Probably for the first time in his dim existence, Danny felt. The feeling swelled in him, choking him, stretching his doughy flesh. He began running toward them, making a happy gurgling sound deep in his throat.
The children stopped their activity and turned to watch him silently. One of them reached down and plucked a smooth river rock from the stream. He threw it at Danny. The rock rattled on other rocks at his feet but Danny didn’t notice. Others began throwing stones. Danny became gradually aware of the sharp pains growing on his body and stopped in bewilderment.

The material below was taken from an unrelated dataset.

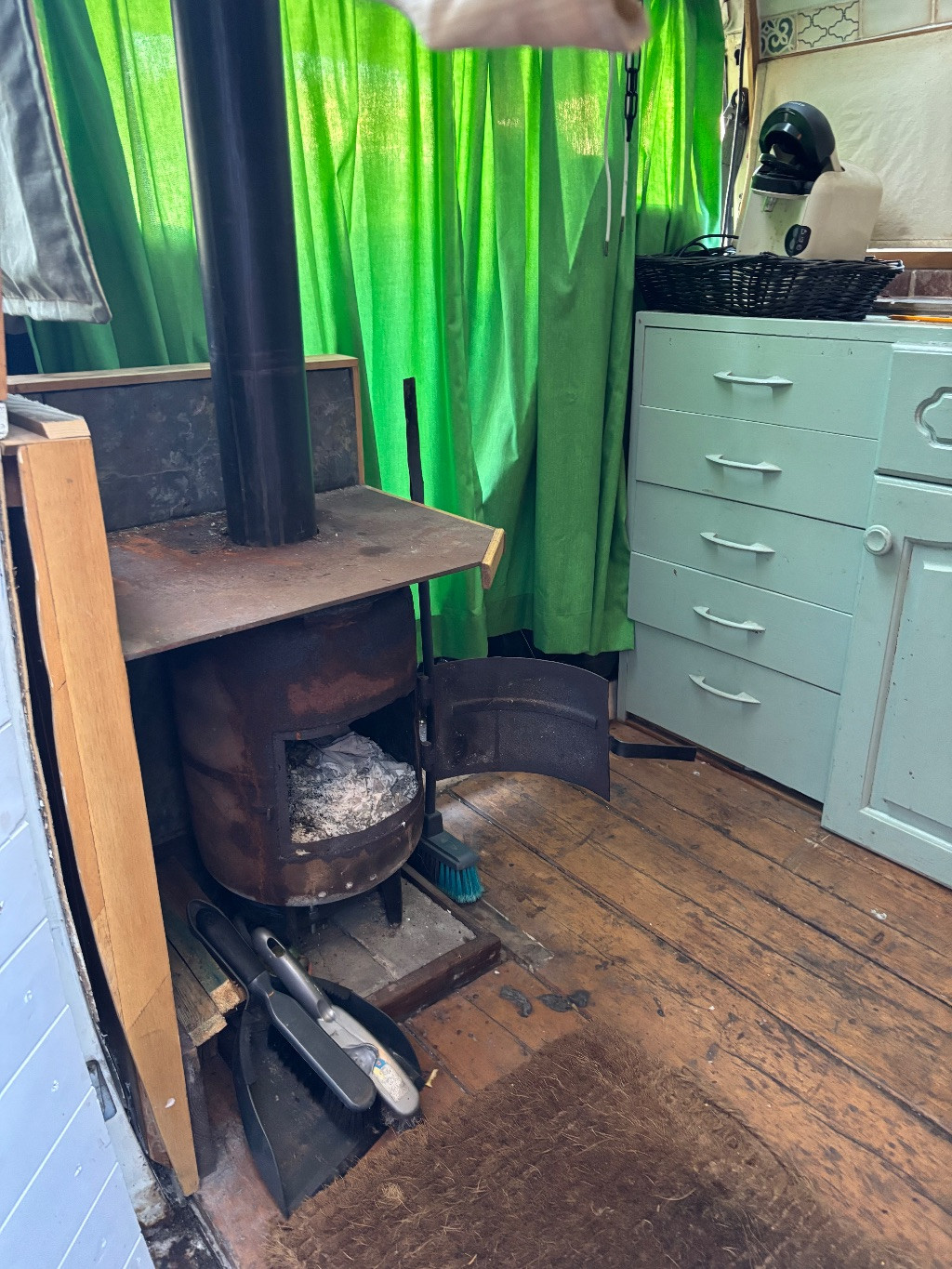 It was remodelled inside and has a little wood burning stove and grill. Water can be pumped from under the sink.

The stones continued to pelt him. His arms came slowly up to protect his face.
He stood for a moment watching the children, the feeling inside him changing to a hurt far worse than any made by a stone. Then he turned and walked away. The children returned to their work. Danny looked back at them once, great tears rolling down his cheeks, but the children ignored him.
He tripped while climbing the embankment and didn’t bother to get up. He lay with his face buried in the grass, choking on his sobs. It was the first time he had ever cried.
—12—
Meridee Callahan lay in the darkness beside her husband, feeling the warmth of his body. She couldn’t sleep and thought from the sound of Robbie’s breathing he couldn’t either. She put her hand lightly on his bare chest. He turned facing her and put his arms around her, pulling her to him. She snuggled against him
and felt his breath in her hair. “You all right, Hon?” he asked softly.

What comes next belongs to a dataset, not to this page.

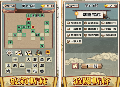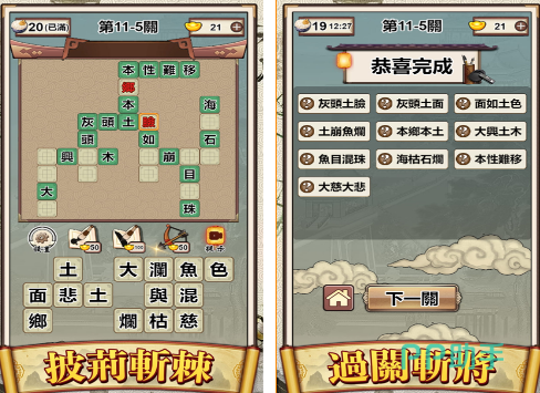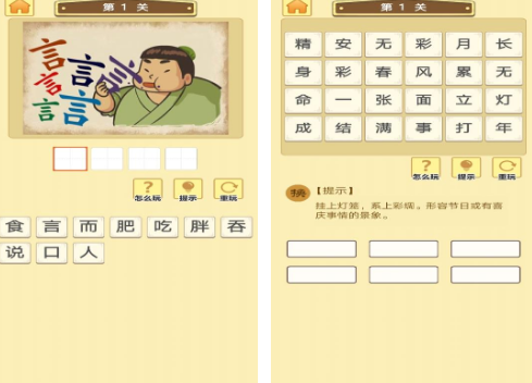 在玩法上既有趣也是既休闲又益智的,整体采用的是古朴的画面风格,搭配上轻松的音乐,你在玩的过程当中,也可以根据自己的需求选择不同的难度。不断的增加成语知识这方面的储备量,规则特别的简单明了,还支持使用道具。对于年龄小的孩子来说,也能通过游戏当中消除无聊,有超多的收获,在闯关的时候一定要有火眼金睛的能力。

“Mmm-huh. I just can’t go to sleep.”
“Me, too.” His hand slid down her arm and rested gently on her stomach. She felt his face move against hers as he smiled. “I think I felt him move.”
She chuckled against his neck. “It’s probably gas.”
“Don’t say that.” Robbie sat up and put his cheek against her swollen abdomen. “Hey, you in there, my son,” he whispered. “If you don’t hurry up and come outa there, your old man is gonna hafta pay a visit to Mavis Sizemore.” Meridee grunted and hit him on the shoulder with her small fist. He laughed and buried his face between her breasts. Her arms went around his neck squeezing him tightly to her. They lay like that for a while, her face against his hair which smelled of pine. He slid his hand under her gown and cupped her breast, rubbing his thumb across the nipple. She ran her fingernails lightly down his spine and the muscles on his back trembled. She stopped when she felt a warm hardness against her hip.
“Robbie?”
“Mmm?”
“Do you think… what happened to… to the children… do you think anything happened to our baby?”
He raised himself and looked into her face. “You shouldn’t upset yourself with thoughts like that, Meri. Our baby will be the finest baby in the valley.”
“But, how do you know…”
He put his fingers on her lips. “Now stop it,” he said gently. “You’re gonna worry yourself into a nervous fit about nothing. You hear me?”
She nodded. He slid his fingers to her cheek and touched his lips lightly to hers. “Now, go to sleep,” he said and cuddled her in his arms.
But she didn’t—not for a long time.
—13—
The Church of the Nazarene was packed. The pews were full and people stood three-deep around the sides. Even then, they weren’t all inside. Others stood in the churchyard by the open windows where they could hear and still watch with the rifles and shotguns they held.
There was none of the running and playing which usually accompanied a town meeting. No children under the age of eleven were present, and most of those who were present were in the parsonage which had been converted into a makeshift hospital. All who had been bitten were running high temperatures with frequent bouts of vomiting.